Die Fibromyalgie ist eine chronische Erkrankung, die vor allem durch ständige und weit verbreitete Schmerzen gekennzeichnet ist, die vor allem in den Sehnen und Gelenken auftreten und im Bereich der Halswirbelsäule, der Lendenwirbelsäule, der Hüft-, Ellbogen- und Kniegelenke sowie in der Brust lokalisiert sind.

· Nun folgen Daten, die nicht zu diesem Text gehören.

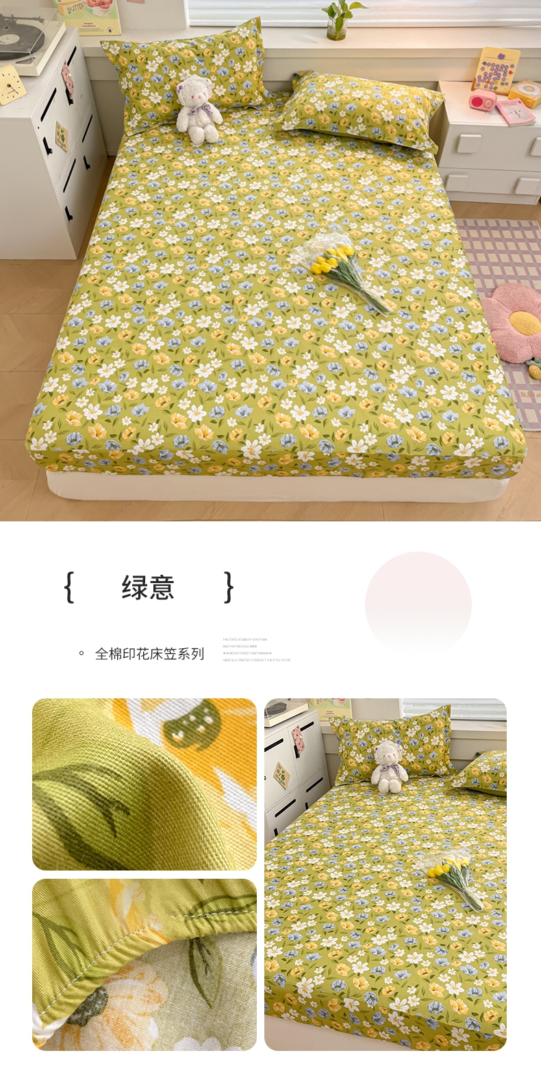• 91家纺网 家纺一手货源 找家纺 A类母婴级卡通花卉儿童纯棉全棉床单纯棉全棉床笠全棉纯棉床单全棉纯棉床笠三件套 绿意

Darüber hinaus kann die Fibromyalgie weitere Symptome hervorrufen, vor allem chronische Müdigkeit, Schlaf-, Gedächtnis- und Stimmungsprobleme. Die klinischen Erscheinungsformen können jedoch von Patient zu Patient variieren.
Erst 1992 wurde die Krankheit von der Weltgesundheitsorganisation (WHO) anerkannt. Zuvor galt sie als psychiatrische Erkrankung, da es schwierig war, den Ursprung der Beschwerden zu ermitteln.

Herkunft und Diagnose.

Die Ursache dieser Krankheit ist nicht bekannt, aber es gibt Auslöser wie Depressionen, Angstzustände, Stress oder eine andere Krankheit.
Eine der größten Herausforderungen bei Fibromyalgie ist die Diagnose. Obwohl es derzeit keinen Test zur Bestätigung der Krankheit gibt, werden diagnostische Testprotokolle verwendet, um andere Störungen und/oder Krankheiten auszuschließen.

In diesem Stadium ist es wichtig, dass der Arzt eine gründliche körperliche Untersuchung durchführt und dass die Berührung der kritischen Schmerzpunkte den Schmerz auslöst.
Es ist wichtig, so schnell wie möglich eine genaue Diagnose zu stellen, damit der Patient so schnell wie möglich behandelt werden kann, denn wenn die Schmerzen nicht behandelt werden, können sie den Betroffenen in seinem täglichen Leben behindern.